The PEM documents are ordered by their M_dk,n and the top two documents are recommended as appropriate education material for the given note.

Validation

A registered nurse (RN) was asked to review a small sample of 50 EMR notes, along with their recommendations. For each note, the top two recommended PEMs and a random PEM (as control) were selected for review. The second-best recommendation was included in the review to help understand the relative usefulness of the recommendations. The relative order of the recommended PEMs and the identity of the control were withheld from the reviewer. Each of the three PEMs was assigned a rating on a Likert²² scale of 1–5, with 1 indicating a recommendation of low relevance and 5 indicating a highly relevant recommendation. Since all documents are in the domain of diabetes and all patients are diabetic, it can be argued that all documents are somewhat relevant to all of the patients. However, the focus is on the document’s relevance to a patient’s specific conditions and treatments.

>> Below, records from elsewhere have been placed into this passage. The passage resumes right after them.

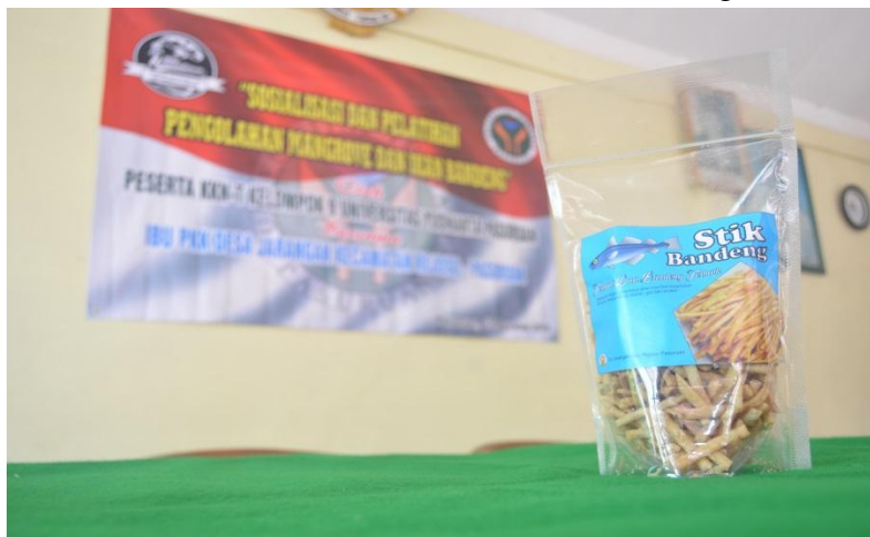
Gambar 5. Stik Ikan Bandeng
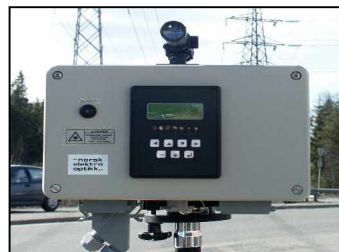
Monitor mit Bedienertastatur
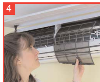
4 Retire todos los filtros (primarios y secundarios, en su caso).
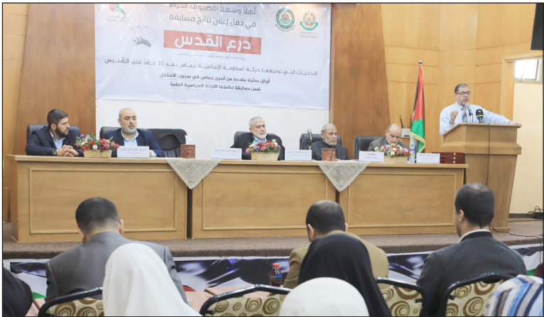
جانب من الحفل بمدينة غزة أمس
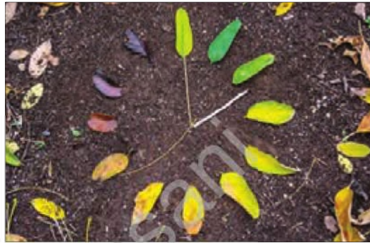
■ ورود پدیده های طبیعی و ماوراءطبیعی به جهان اجتماعی
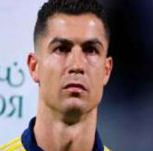
کرستیا نورونالڈو انگریزی کا شکار

ایرانی سمندری جہاز پر حملہ انتہائی قابل تشویش معاملہ جموں و کشمیر کے شہریوں کو واپس اپنے گھر لانے کا معاملہ مرکزی حکومت کے ساتھ اٹھایا گیا ہے
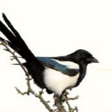
Pie bavarde 40-51 cm Tête et cou noir, grandes taches blanches sur la poitrine et les ailes, longue queue.
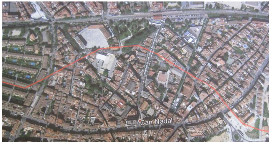
Figura 4. - Mapa google en el qual s'ha traçat amb una línia vermella el trajecte soterrat del Canal de la Infanta a Sant Feliu de Llobregat. Proporcionat per la Junta del Canal de la Infanta.

En tot cas, el pas soterrat o en mina del Canal té encara actualment una traça pràcticament idèntica a la que es va concebre en origen: des de l'actual passeig del Canal al costat de l'escola Gaudí, ressegueix el carrer Miquel Coll i Alentorn, remunta el que havia estat la Quadra de Palau per l'actual plaça de Catalunya, i travessa el passeig Nadal prop de la cantonada amb el carrer Vidal i Ribas, on encara es conserva sota el sòl un pou de registre. Després, segueix en direcció a l'església creuant Pi i Margall i es dirigeix a Sant Joan Despí travessant els carrers Torras i Bages, Joan Maragall i la carretera Laureà Miró a l'alçada del Casal de Joves. Des d'aquí passa als espais ocupats per les fàbriques del barri de Can Bertrand i, finalment, sense presència en superfície, surt del terme municipal per la zona que ara ocupen les instal·lacions de la Ciutat Esportiva Joan Gamper, tram que va ser cobert recentment amb motiu de l'operació urbanística promoguda pel Futbol Club Barcelona.
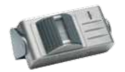
VK 2122 Funk-Bewegungsmelder, batteriebetrieben, aluminium
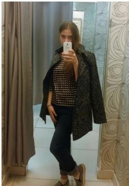
На фото: автор текста

Главное, чтобы нравилось самой себе и было удобно и тепло. Ищите и находите свой стиль! ВК
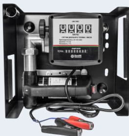
БАК.12082 Станция перекачки топлива БелАК "Антей комплекс" 12V 80л/мин

Станции «БелАК» — изделия с повышенной ремонтпригодностью. Для каждой модели станций можно найти роторы, лопадки, фильтры грубой и тонкой очистки — наиболее изнашиваемые детали.
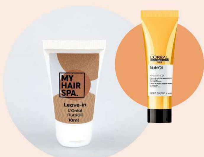
Leave-in com protetor térmico: L'Oréal Professionnel NutriOil - 10ml
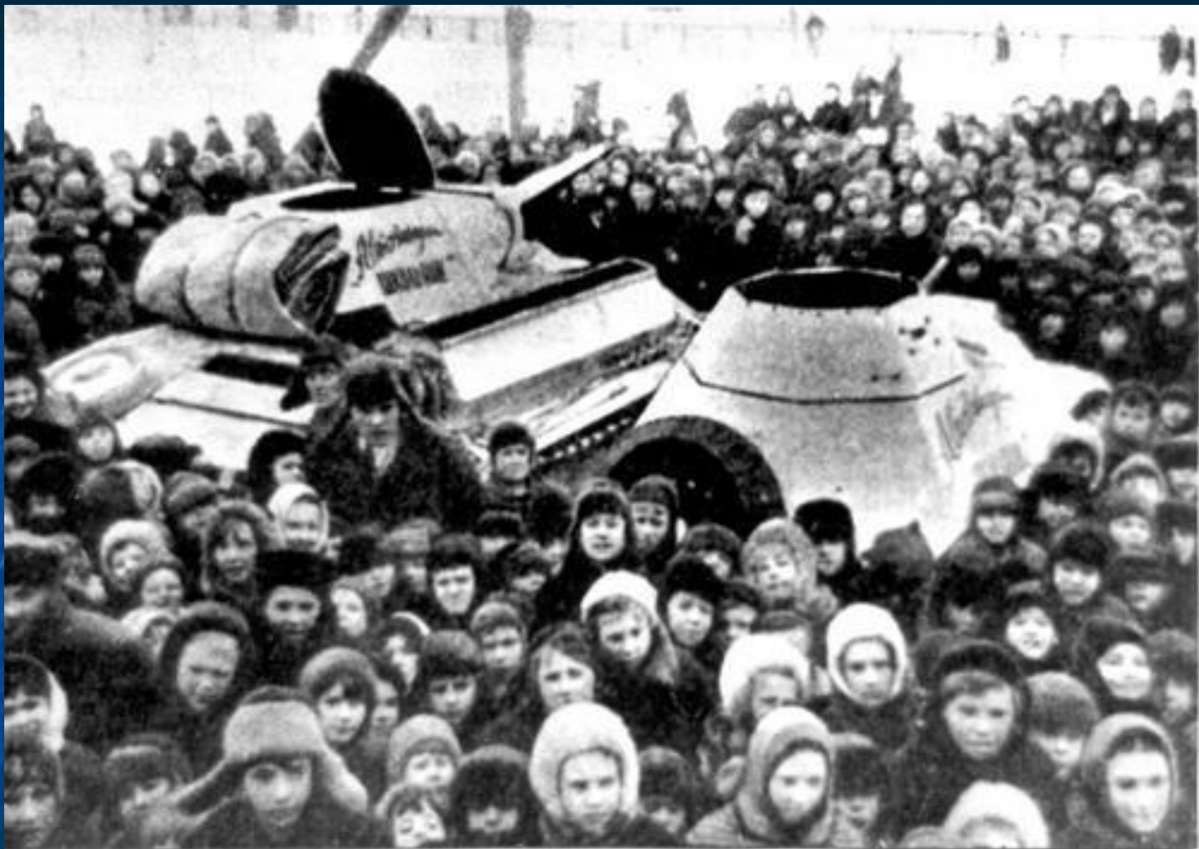
Передача танка и броневедомоцила «Автозаводский школьник» в Красную армию
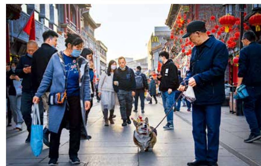
2021年春节，疫情防控常态化下的什刹海，一位老人与爱宠在街道上互动，引得游客纷纷投来探寻的目光。
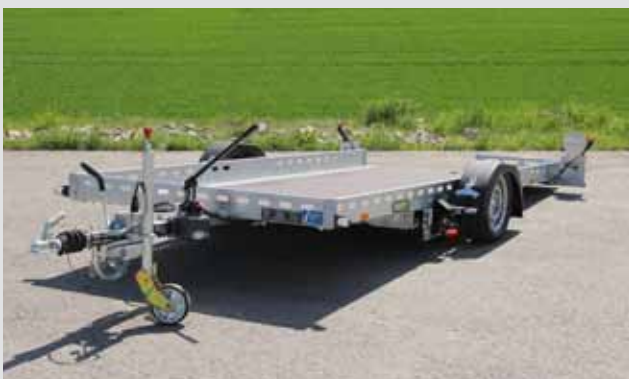
Absenkanhänger für Kleinwagen bis 1325 kg Nutzlast

Leuchten und Kabelführung sind geschützt montiert. Dadurch weniger Wartungskosten und lange Nutzungsdauer.
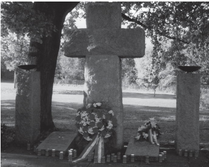
Kreisstadt Dachau, ihres Bürgermeisters sowie im eigenen Namen willkommen heißen. Sie ging in ihren Worten des
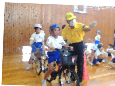
信号をしっかり確認！
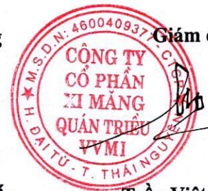
Trần Việt Cường
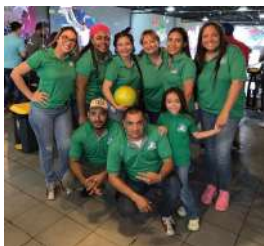
Air Sea Express Cargo, S.A.
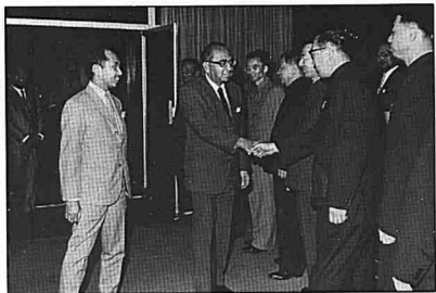
Tengku Razaleigh, Allabyarbam Tun Razak dan pemimpin-pemimpin China di Peking.
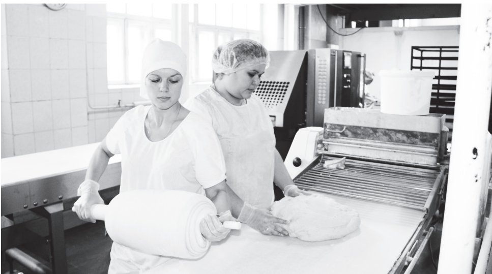
▲ Коллектив всегда будет радовать покупателей высококачественными изделиями

Беседу вела Валерия РУДОМЕТОВА
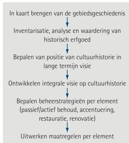
Figuur 2: Schematische weergave van het werken aan cultuurhistorie in het bosbeheer

Het is van groot belang om gebiedskennis vast te leggen voor toekomstige generaties (bosbeheerders). De gebiedskennis zit te vaak alleen in het hoofd van de huidige bosbeheerder, waarvan onherroepelijk te veel verloren gaat tijdens de overdracht naar een volgende beheerder. Het is verstandig om de gegevens zowel digitaal (GIS) als op kaart met bijbehorende beschrijvende rapporten en beeldmateriaal vast te leggen. Wanneer historische elementen verwerkt zijn in een GIS-systeem, kunnen zij (net als bij bijvoorbeeld horstbomen of dassenburchten) beter worden beschermd tegen beschadiging tijdens oogstwerkzaamheden. De aannemer kan dan in zijn harvester op zijn GPS zien waar zich waardevolle historische elementen bevinden.
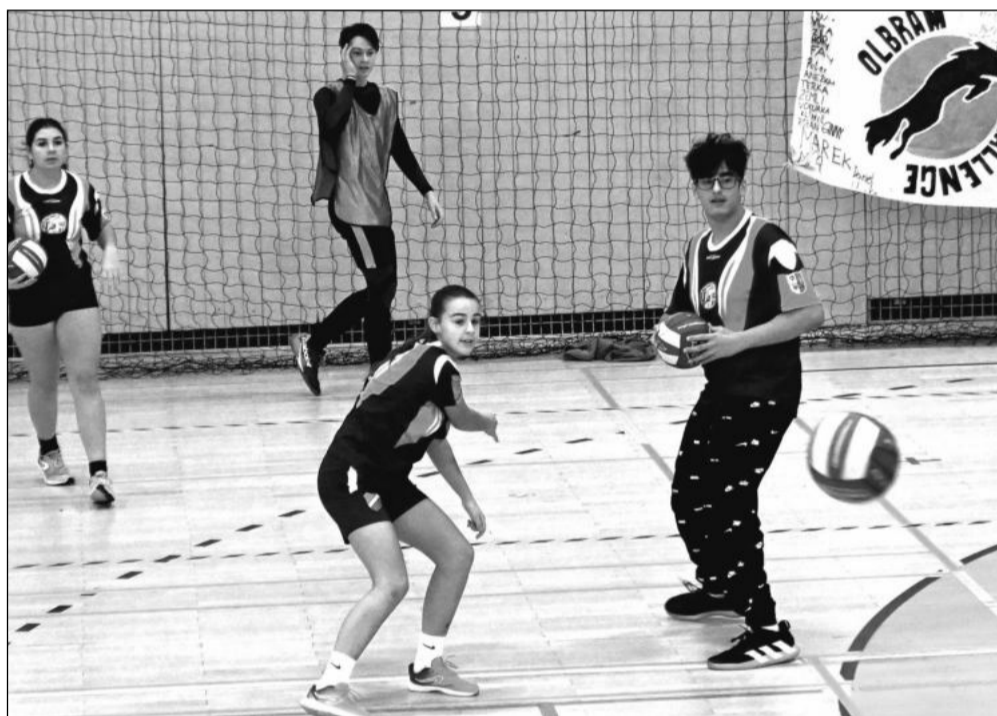
Základní škola ZŠ Emila Zátopka (na snímku) měla zastoupení v obou kategoriích. V mladší kategorii skončila třetí a ve starší slavila stříbro.

Dodgeball by se dal charakterizovat jako atraktivnější a více adrenalinová verze všem dobře známé vybíjené. Je to týmový sport, hraje se šest s pěti míči najednou. Dodgeball se více a více dostává do škol a mezi mládež a dalším důkazem rozvoje tohoto sportu je turnaj kopřivnických základních škol, který byl rozdělen do dvou kategorií. Ve skupině šestých a sedmých tříd byly celkem tři školy a prvenství získala ZŠ 17. listopadu před ZŠ Alšova a ZŠ Emila Zátopka. Ve starší kategorii osmých a devátých tříd bojovaly čtyři týmy a vyhrála ZŠ Milady Horákové před ZŠ Emila Zátopka a ZŠ Alšova, čtvrté místo obsadila ZŠ 17. li-
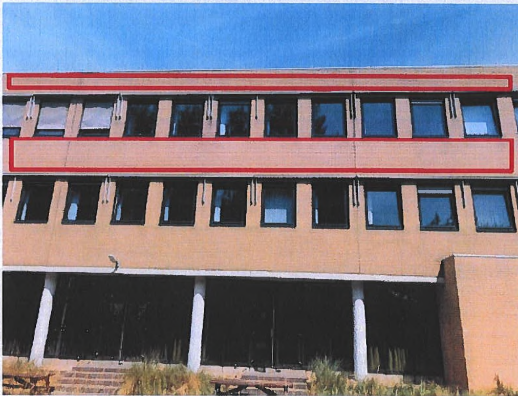
Figuur 12. Zoekgebied 8 inbouwstenen zuldgevel (rood).
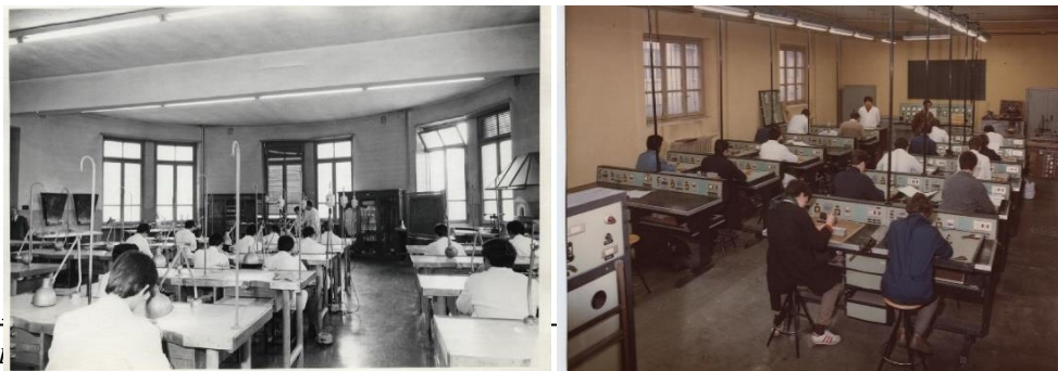
Fig. 9 – Attività di laboratorio in immagini storiche
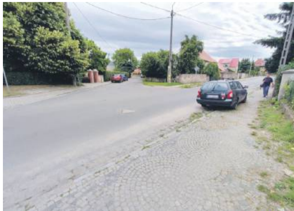
Ten samochód jeszcze kilkanaście dni temu stał od ponad roku na ul. Staromiejskiej, niedaleko sklepu i utrudniał ruch w obrębie tego skrzyżowania. Po naszej publikacji został zabrany

jących od dawna na poboczu. Pojazdy te były wręcz zapomniane: jeden z nich stał bez powietrza w kołach od kilku lat, ogranicza-
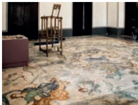
Museo del Colegio del Arte Mayor de la Seda
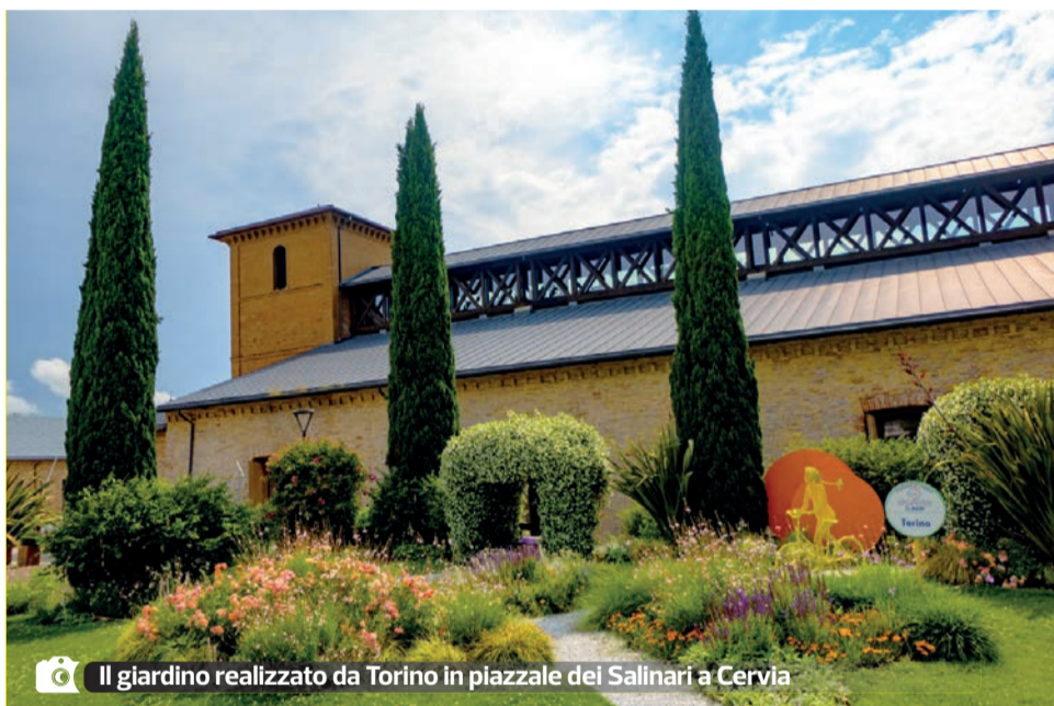
Il giardino realizzato da Torino in piazzale dei Salinari a Cervia

ma anche ispirati dalle composizioni e installazioni uniche e geniali che ogni anno continuano ad ornare le aree verdi della città. I risultati di questa crescita hanno portato Cervia a meritare a pieno titolo l'appellativo
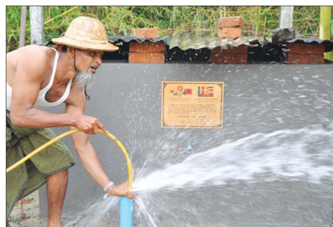
빈글라동 평간주지역 외 우물파기 운동
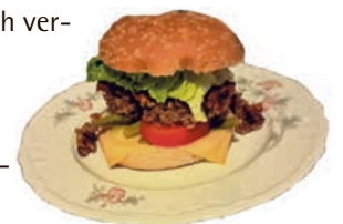
Vegane Burger sind eine gesunde Alternative.

Auch die Kartoffelecken (Rezept aus einem der vorherigen Newsletter) eignen sich dazu als gesunde Beilage.
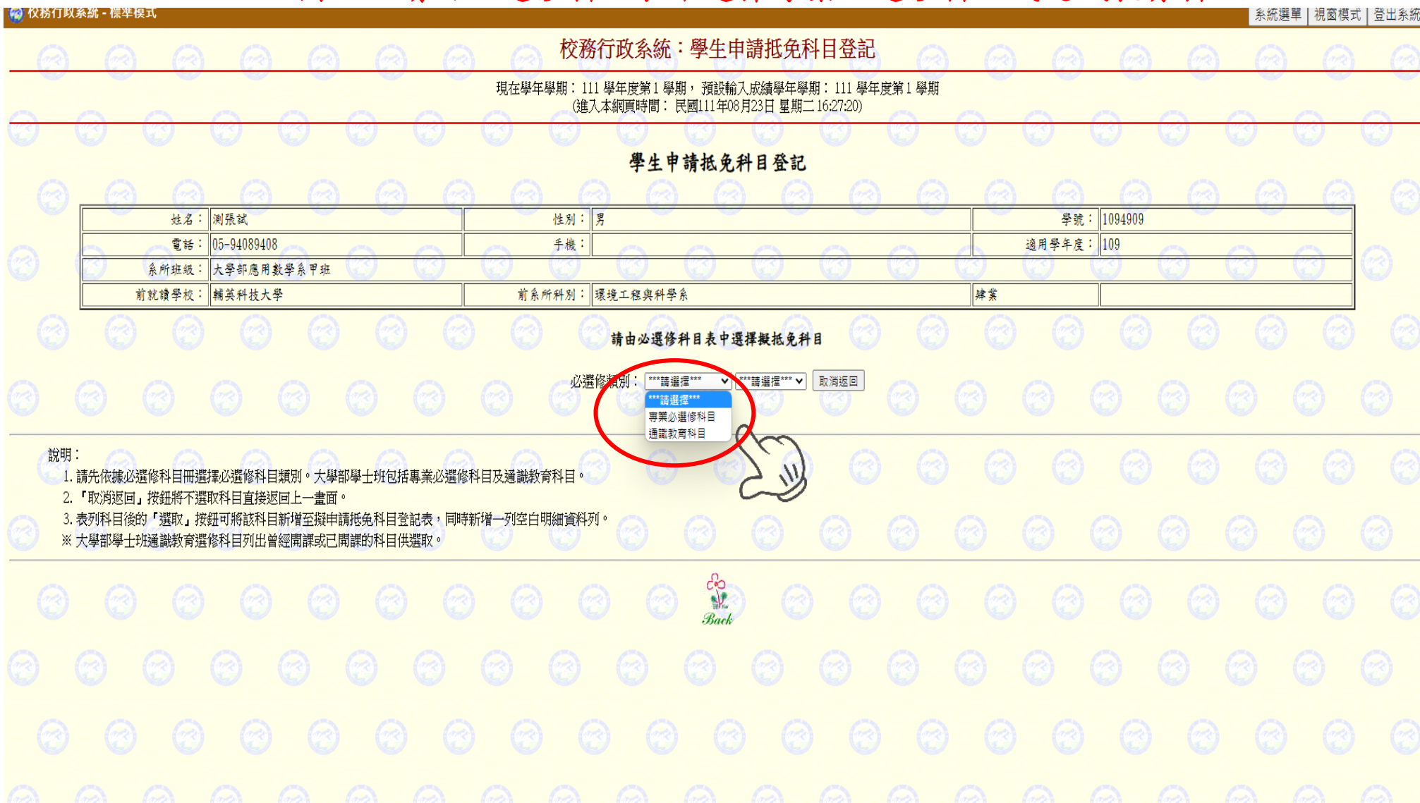
圖七：請由必選修科目表中選擇專業必選修科目或通識教育科目

The average rating of the two recommended PEMs and the control PEMs is computed and reported. It is assumed that statistically significant higher ratings for the recommended PEMs compared to those of the control PEM, would indicate that the proposed method is effective in identifying articles relevant to the patient.

Results

A topic model was built using MALLET to detect 150 topics and Table 1 lists a small set of topics with the terms in each topic ordered by their relative weights. It can be seen that the assignment of weights succeeds in grouping terms that are related to the same/similar concept(s). For example, terms related to acute renal failure (nephropathy) which could be one of the complications in diabetic patients, have been grouped into a single topic, even though the model cannot infer what the topic pertains to.

Table 1.

Sample topics modeled by MALLET. Only the top 20 most prominent terms in each topic are shown. The column labeled ‘Topic’ is not an output of MALLET but a guess by the authors of the topic being modeled.

ID	Terms	Topic
4	blood heart disease risk pressure high people stroke prevent damage vessels smoking healthy cholesterol problems addition increase vessel smoke	Complications
9	kidney disease urine failure protein kidneys microalbuminuria dialysis function diabetic waste damage filtering nephropathy diet body filter creatinine drugs	Renal failure
15	pregnancy baby women gestational pregnant risk birth health normal babies defects delivery good pregnancies weeks pounds care healthy hormones	Pregnancy
24	eat foods healthy food eating weight diet make fruits choose family vegetables plan calories amount grains include lose daily	Diet
45	diabetes type risk american gestational developing weight factors impaired overweight increased higher tolerance condition african asian program family lower	Risks
139	feet foot shoes skin problems diabetic toes sores legs feeling wear infection dry blood socks check make cuts sore	Foot care

An analysis of the topic distribution among PEM documents show that 30% of the topics are covered in two or fewer documents. A very small percentage of topics (1.5%) are covered in twenty or more documents and are topics in which terms such as ‘insulin’, ‘glucose’, ‘blood’ – terms that occur very often in diabetes education material - have high weights. Appendix 1^c is a sub-graph that shows the mapping between topics (represented by circles) and documents (represented by squares). An edge between a topic and a document shows that the topic is represented in the document and the color/thickness of the edge denotes the strength of this representation. To make the graph manageable only the top 10% of the edges have been shown. As can be seen in the figure, a few topics (T63, T94, T132) are represented in a large number of documents while most of the topics have less prominent representation.

Validation

Figure 1 shows a histogram of the average F_to,n for all the topics in the 50 notes used for validation. The distribution suggests that a small percentage of topics (topics with high average F_to,n) are discussed in a significant number of notes and some of the topics are irrelevant (low average F_to,n) to this set of notes. The most commonly mapped topic is related to kidney failure {kidney failure kidneys chronic acute blood substances bladder end risk injury severe obstruction renal waste vascular bloodstream infection decreased} and the least commonly mapped topic is related to an apparent ambiguous topic {ndi gene inherited water result aqp acquired mutations genetic males mutated females forms levels lithium receptor chromosome identified genes}.

Figure 1.

Histogram of the average F_to,n of the topics in the validation note set.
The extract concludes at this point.